WTF, Harbard, seriously.

"Portage" is not a good episode for relationships, and let's face it, Vikings isn't happy bodice-ripper nonsense like Outlander anyway. I mean, on this show any time a man or woman doesn't get killed after sex, it's a win. Oh, and before I forget -- RIP, Yidu. Apparently drug dealers had short life spans even before the creation of meth.

But on the spectrum of crappy relationships that didn't end in murder (which was more than one this week, jeez), Harbard takes the damn cake for being a complete 21st century-style asshat: the only difference is he's wearing burlap, but who knows? Maybe some hipsters in Brooklyn are weaving their very own artisanal sackcloth as we speak. God knows the beard is still on point.

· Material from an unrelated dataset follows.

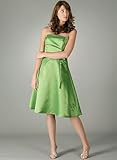 Features - Great for holiday, prom, bridesmaid, homecoming, evening gown or formal. Product Description Classic satin strapless cocktail dress with boned bodice, floor length, fully lined, bow detail, matching satin scarf and optional spaghetti straps included, zip back. Customer Reviews DETAILED description & EASY fix suggestion for the "large bust" issue. Date: 2009-03-03 | Rating: 5 I purchased this dress in black for my bridemaids, and they are PERFECT! The dress gives a nice hourglass appearance to those who are a bit wide in the mid-section and accents beautifully those who already have a great figure. DESCRIPTION: It is VERY well made, especially for the price! It is equivilent to a $125-150 dress at Dillard's or a $200 dress at any bridal shop. The fabric is nice, thick, quality satin. The bodice is fully lined with boning in strategic areas to help provide that hourglass look as well as with holding the dress up on those "blessed" in the bust area. The skirt has a detached lining reaching to the floor with mesh material from about the knee down. The bow at the waist has 2 streamers hanging from it that are a foot long or so. It is easily detached (only held on with a few whip stitches) but we kept it on. The dress becomes plain without it. However, Im sure replacing it with a brooch of some sort or sash would be beautiful as well. The dress comes with a sash/shoulder wrap that is about a foot wide and 4 feet long (give or take, i didnt measure it)and spaghetti straps to attach if needed. However, if you use the straps, they will have to be sewn on because there are no hooks on the dress. Also, another review mentions a loop on the sash to hook it to the dress. The loop is just there as a way to hang it on the hanger. EASY ALTERATION: Before purchasing this dress, I read several reviews stating the dress is large in the bust, and they were right, kinda... I ordered 2 dresses for girls that are both pretty "busty"(size C-D cups). One girl is rather thin, and usually has to go up a size to allow room for her "girls", then take it up at the waist. However, I stuck to the sizing chart when ordering, and suggest everyone order accordingly. The dresses fit perfect everywhere but at the top seam of the dress. Each girl had plenty of room in the bust; however, the dress doesnt taper back in toward the shoulders as much as it should. This resulted in the top of the dress standing away from the chest and allowing anyone looking from above to see straight down into their "business". So, we put a "dart" on each side midway between their underarm and nipple (sorry, not trying to be x-rated, but best way to describe.) What I mean by "dart" is at the location mentioned we took about a 1/2 inch up. The "dart" goes down towards the floor at about a 45 degree angel and gradually takes up less material until there is nothing left to take up. It ended up about 2 1/2-3" long. This pulled the top of the dress flush to the girl chest and no longer allowed full visual access to all their business. It also flatters their bustline much more and allowed us to not have to use straps. If you have a girl that is a bit small in the bust, the dart should still probably only be 3" long max, but you will begin with taking more than a 1/2 inch out of the dress. I believe they make it this way so most everyone will fit, but you may have to take it up on some. Trust me! Putting this dart in the very top is MUCH easier than redoing the entire bodice because they have big boobs. Especially since there is boning in the bodice. I hope this helps and enjoy!!!!!! Beautiful & a Great Price Date: 2008-09-27 | Rating: 5 I recently got married, and my bridesmaids and I are scattered across the country, so I took a chance and told them to order these through Amazon to make it easiest. They got them in Lilac, and they were beautiful! The other reviewers are correct that the bust is large in these dresses, but I can see why they did it, as some of my bridesmaids fit perfectly in it, as they were fuller chested, and the others had to have it taken in. (A note regarding the other reviewers: If you think that you are going to be able to buy any bridesmaid dress without having to most likely get some alterations done, you are wrong) Basically they are defaulting it so that everyone has at least enough material. The alterations can be done at home for taking it in on top, as it is a pretty easy fix with the dress design as there are seams on both sides under where the arms lay, and the seams end at the top of the waist where there is a belted bow. The length worked for everyone, and the heights ranged from 5'2"-5'8"as they were wearing heels. A great value and absolutely beautiful for a wedding or cocktail party! good dress for reasonable price Date: 2008-03-25 | Rating: 5 i found the dress and immediately sent the link to my bridesmaids. they both looked so stunning and feminine in it. it looks also good on plus size ladies (size L). i ordered it lilac, size XS, when i was maid of honor on my friend's wedding. it looked wonderful on me as well. indeed, those dresses are more beautiful then on the picture. and it suits well. it comes with nice-width stripes, and scarf. and it's relatively cheap!! i washed it in my washing machine (gentle cycle), and it came out fine. you have just to rinse it one more time, and then hang it. i'd love to re-sell it for lower price to somebody. Love Them! Date: 2008-07-25 | Rating: 5 Very nice, good quality, comes with shawl, size charts were mostly accurate they all were a little long so will need to be hemmed. Amazing Customer Service! Date: 2008-09-02 | Rating: 5 Sylvia is amazing.Good ol fashioned customer service.They stand behind their product and are very nice to deal with.The dresses were georgous.If u need multiples just make sure u call to get the same dye lot. | |||||

We knew Harbard was screwing around on poor Aslaug, although up until this week we could have had a little compassion for him. He shows up unannounced, having received her psychic email of yearning or whatever, and is all ready to offer her his unique brand of emotional healing. But Aslaug seems more interested in complaining about her ruined marriage, staring at Harbard longingly, but refusing to give in to desire because...Ragnar would be mad at her? Oh, wait, he's already mad at her. Seems to me the cat is out of the bag, so what's the big deal? It's not like Ragnar isn't already going to suspect that she cheated on him once he hears Harbard dropped in during his absence.

But this week, Aslaug has to get a look at the three-way porno that Harbard's been enjoying with the local womenfolk. She breaks what sounded like dishes (which seems like a very modern tantrum, because it's not like a Viking can run off to IKEA to restock) and stomps and screams like Carrie Bradshaw on a bender. Except for the slaves hanging around looking mortified, it feels like the stuff of a bad rom-com. But then, it gets worse.

Although the Vikings didn't have television, jazz records, cigarettes, white T-shirts or any of the stuff that makes a truly douchey modern man, guess what? Harbard has the rap down pat. But I only love you, babe! Don't try to possess me, because possession isn't love. Don't break my Dylan records when you toss them out the window!

Aslaug, to her credit, seems to think he's as full of shit as any woman hearing this kind of rationalization would, but there's one catch. Harbard is still kinda selling himself as a god, and Aslaug isn't so sure he isn't one. To his credit, he did seem to take away Ivar's pain, so she can't really say he's completely full of shit even if she believes it because then he might give it back, and no one wants to hear Ivar screaming all damn day and night. Hey, this was before Tylenol, and Yidu only shared her stash with Ragnar, so Aslaug doesn't want to take any chances.

I'm pretty sure a lot of scumbag guys are wondering if they can use the Norse god angle themselves, because it might be their get-out-of-jail-free card if they ever found a girl dumb enough to buy into it. Short answer: no, shut up, put on some pants.

Hagard, who cannot be possessed, and is free like the wind, and only puts his penis into multiple women out of the goodness of his own heart, may have taken off -- to clean himself up, if he's being sensible. But let's hope that Aslaug, having broken as many dishes as she can, has now moved past anger and acceptance to complete disdain. If Harbard comes back...well, I'd say I hope she'll slam the door in his face...but then, none of the Vikings actually have doors.